Patterns emerge and take shape only to be dissolved and then recreated and rewritten in a new form. And the beat goes on.

So yes, they are both about death.

And they are both about life.

The Jewish practice of sitting Shiva is about letting go. It’s about comfort. It’s about transition and processing and shifting. So yes, that is something they have in common.

One thing leaving. Another thing coming. Boundaries. Connections.

But if we stop playing with the symbolism and just look at them, nope. Totally different practices and different words that mean different things.

And the truth is that in my own life, which I live very deliberately in accordance with both Judaism and yoga, stuff comes up all the time where one appears to be in conflict with the other.

But for me it always comes back to questions of “What do I need right now?” and “What fits best with my path right now?” and stuff like that. I wish I had something more useful to give you as guidance than “stuff like that”.

Luckily, when you have something that appears to be a conflict or a contradiction, the best thing to do is to ask yourself “What do I need to know about this? Are there ways to resolve this that I don’t know about yet?”

And then put your Dance of Shiva DVD on and dance dance dance. Dance for ten minutes. Sit for ten minutes. You’ll get your answer when you need it. Promise.

6 Comments on “Sitting Shiva vs Dancing Shiva”


  1. This is a great post. And I’ve been wanting a copy of your book since the first time I saw you mention it! ^_^

    Megan M.s last blog post..Learning Leadership

  2. Havi
    Twitter: havi

    Yay! Thanks, Megan!


  3. [...] to make things harder for myself (so as to stimulate deconstruction and reconstruction) I decided to try the idea of replacing the numbers with colours and saying them out loud!  I [...]

  4. tulasi-priya

    Havi, thanks for do such great work. I’m benefiting so much. You’re really a soothing and energizing presence. All glories to your service.

    That said, I can’t resist the urge to comment about the pronunciation of Shiva. If you’re going to be technically, excruciatingly correct about Sanskrit pronunciation, Shiva (the god) is also pronounced with a short i (stress on the first syllable), but hardly anybody but Sanskritists say it properly. I think it sounds prettier as SHEE-vuh anyway. Namaste.

  5. Evy MacPhee

    When is the book, Bring on the Epiphanies, coming out, please?

    When I asked Google, it told me June 2008. We know this is not true because I can’t order it yet.

    I am a very new, very small, learner of Dance of Shiva.

    My Hebrew name is Chava or, if I’d been smarter before I started trying to use it in real life: Hava.

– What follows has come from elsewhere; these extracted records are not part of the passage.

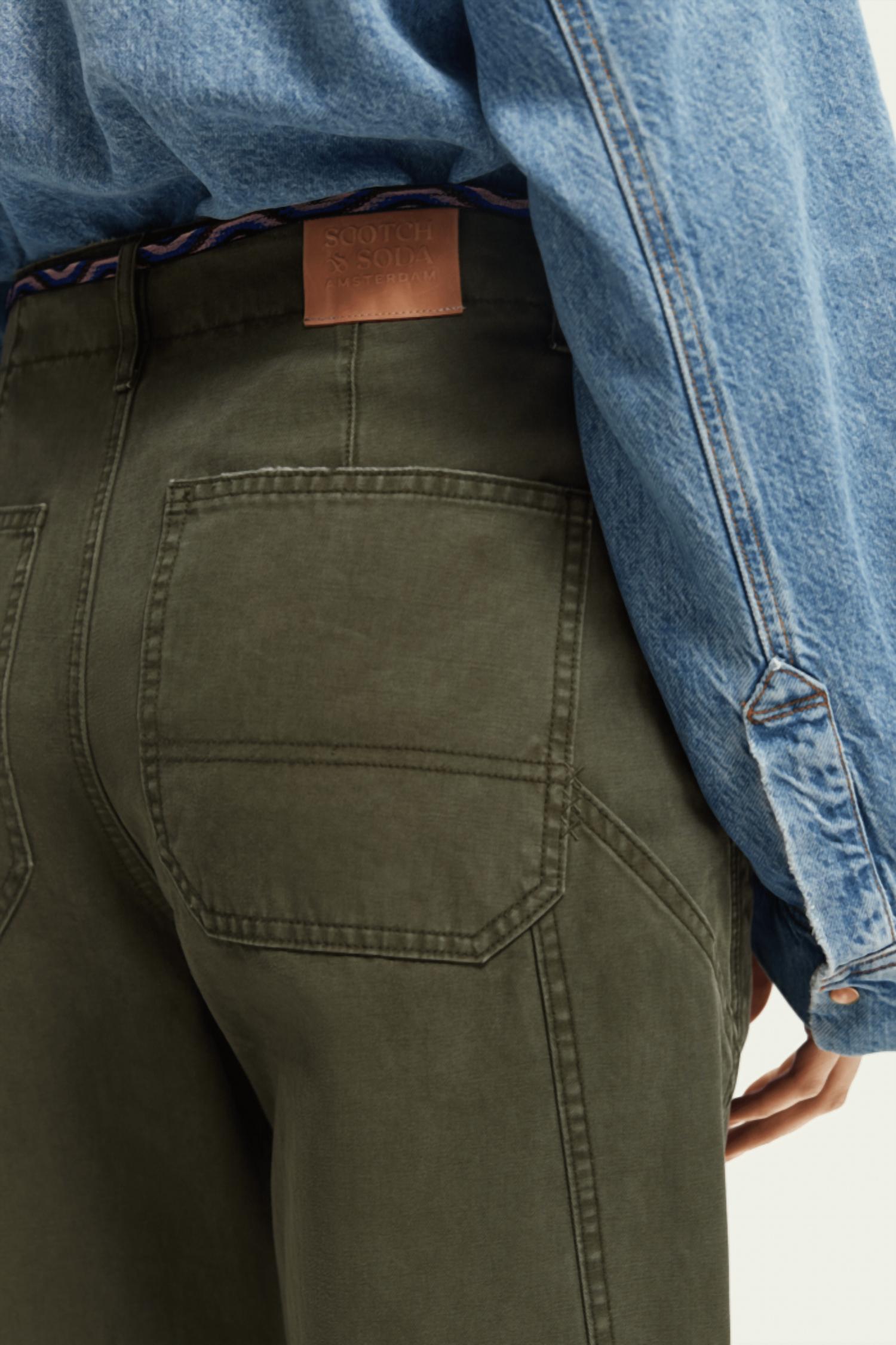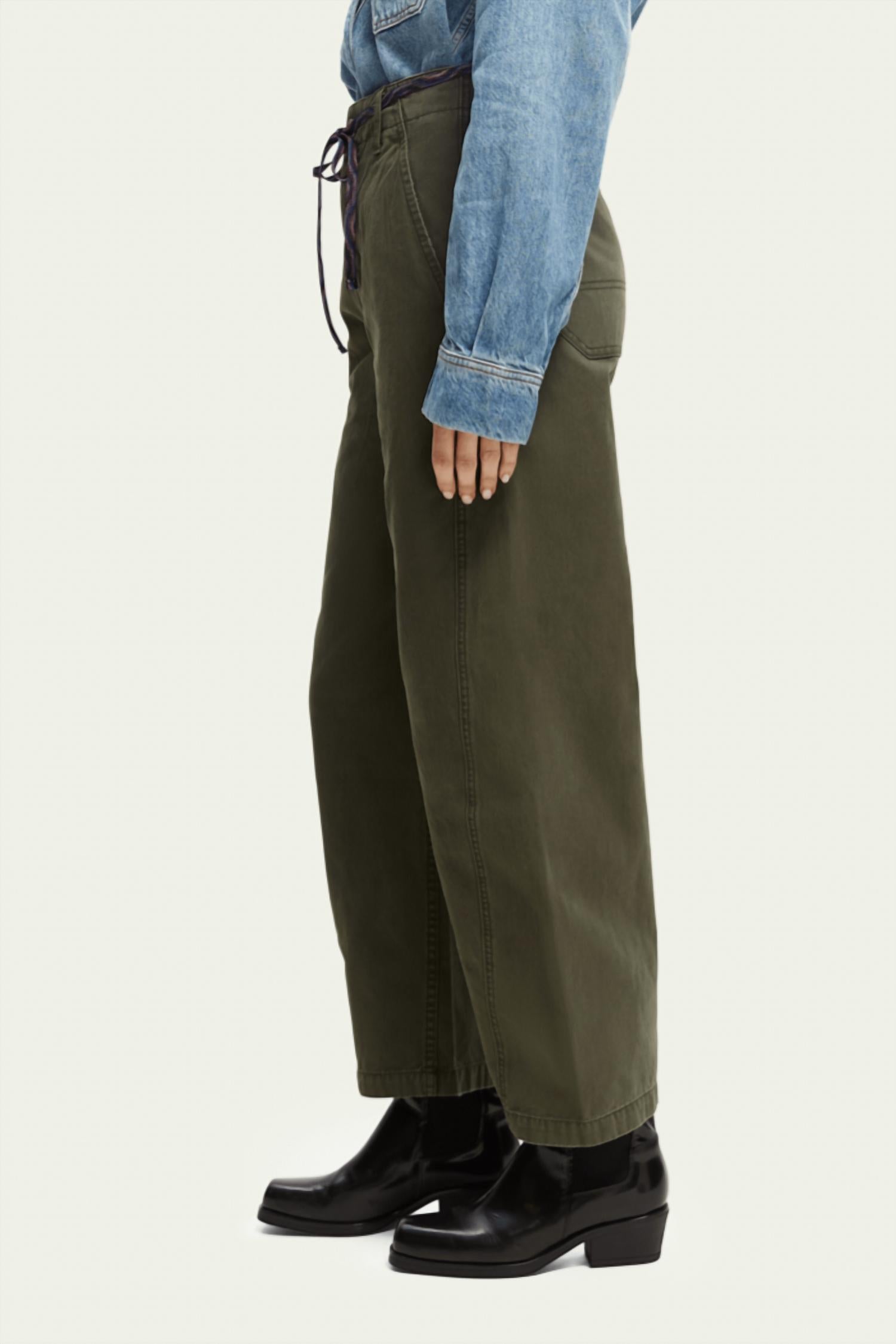 Современный крой, определяемый характерным кроем брюк-баллонов, изгибается на бедрах и коленях, а затем сужается к подолу. Завершенные увеличенными задними карманами, высокая талия сохраняет силуэт аккуратным, в то время как неэластичные ткани сохраняют форму. Женские брюки. Крой-баллон. Высокая посадка. Длина до щиколотки. Неэластичные. Застежка-молния. Деликатная стирка при 30 градусах. 100% хлопок - органический.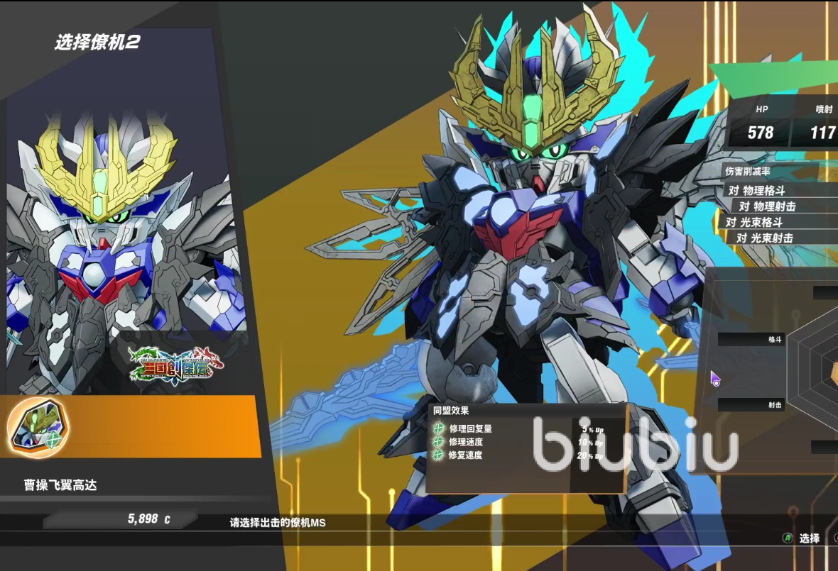 先說dlc獲取的兩臺射擊型高達,分別是曹操異端高達以及指揮官高達,指揮官高達則是射擊機體的畢業(yè)高達之一,因為游戲中存在將光束攻擊轉化為物理傷害的零件,再加上指揮官高達本身就非常不錯的面板以及備彈量,哪怕在后期,也算是T1級別的射擊機體,而且這個機體的所有彈藥都是實體彈藥,可以無視敵人的I立場,成長也不低,曹操異端高達則更像一臺格斗型高達,這兩款高達的終結技分別是霸天鳳凰斬,以及強力突襲,這兩臺機體技能最好用在boss身邊的雜兵多的情況下,能最大的發(fā)揮技能的輸出。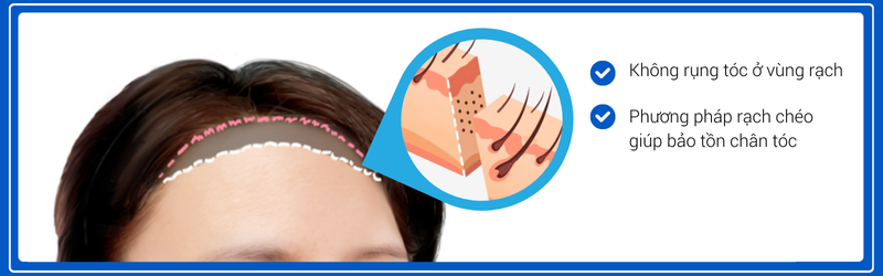 bác sĩ thực hiện phương pháp rạch chéo giúp giữ nguyên chân tóc, tóc mọc tự nhiên và vùng rạch không bị lộ ra ngoài.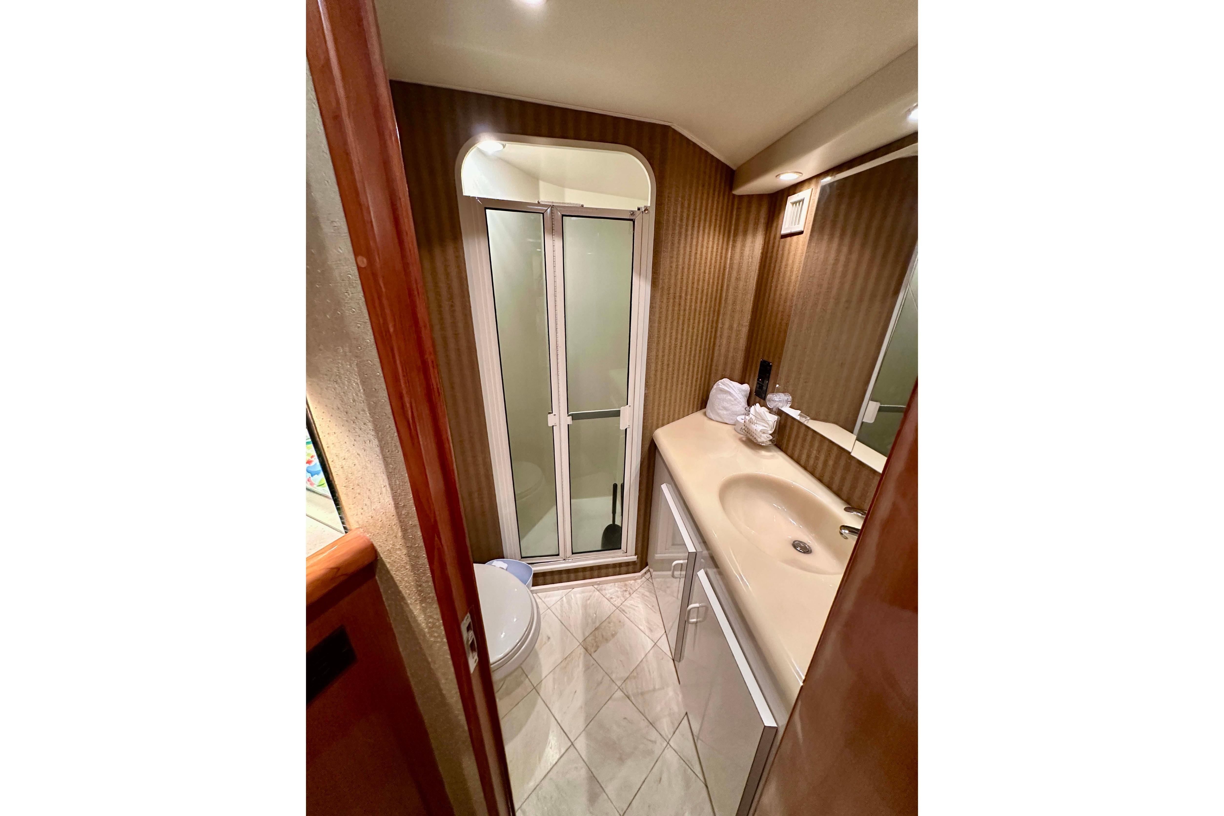 The first guest stateroom is located forward and the second stateroom for guest or crew members is located port, they each feature: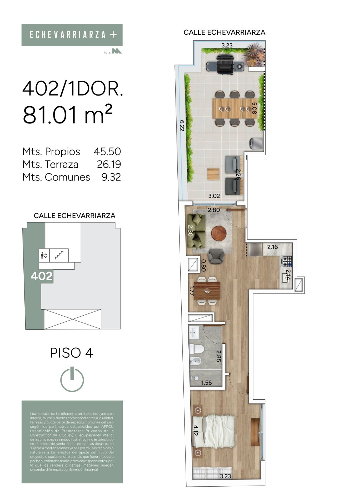 ECHEVARRIARZA + es un innovador emprendimiento ubicado en la cotizada calle Echevarriarza 3380, en el corazón de Pocitos Nuevo, Montevideo. Con un total de 19 unidades, este proyecto se distingue por su diseño contemporáneo y su enfoque en la comodidad y funcionalidad. Cada departamento está equipado con aire acondicionado y cuenta con acceso a un ascensor, garantizando una experiencia de vida moderna y accesible.

No one in Kansas EVER got it right even after they heard me say it, never mind what happened when they saw it written in the way I tried to write it.

    I love your blog and look forward to reading it daily.

    Love and blessings,

    Evy/Chava

    I live in Washington State now.

  6. jessie
    Twitter: roomtosmile

    i love it! sitting shiva!

    one thing sitting shiva does do is allow the entire community to come together and acknowledge the realities of transition in a way that respects (ideally) the mourner and puts them at the center. once, in jerusalem, i was privileged to go to the house of my teacher after his mother had passed away. in his big-heartedness, and in his commitment to teaching, he accepted the fact that two! bus-loads! of students were going to come over and he sat with us, told us stories of his mother (she had hidden in the polish forests for 9 months during the holocaust, and made aliyah in her 60s!)and then patiently waited as a long, long line of students snaked past him, wishing him consolation. and he never rushed us out.

    maybe part of shiva nata is finding the learning in the passing of the patterns?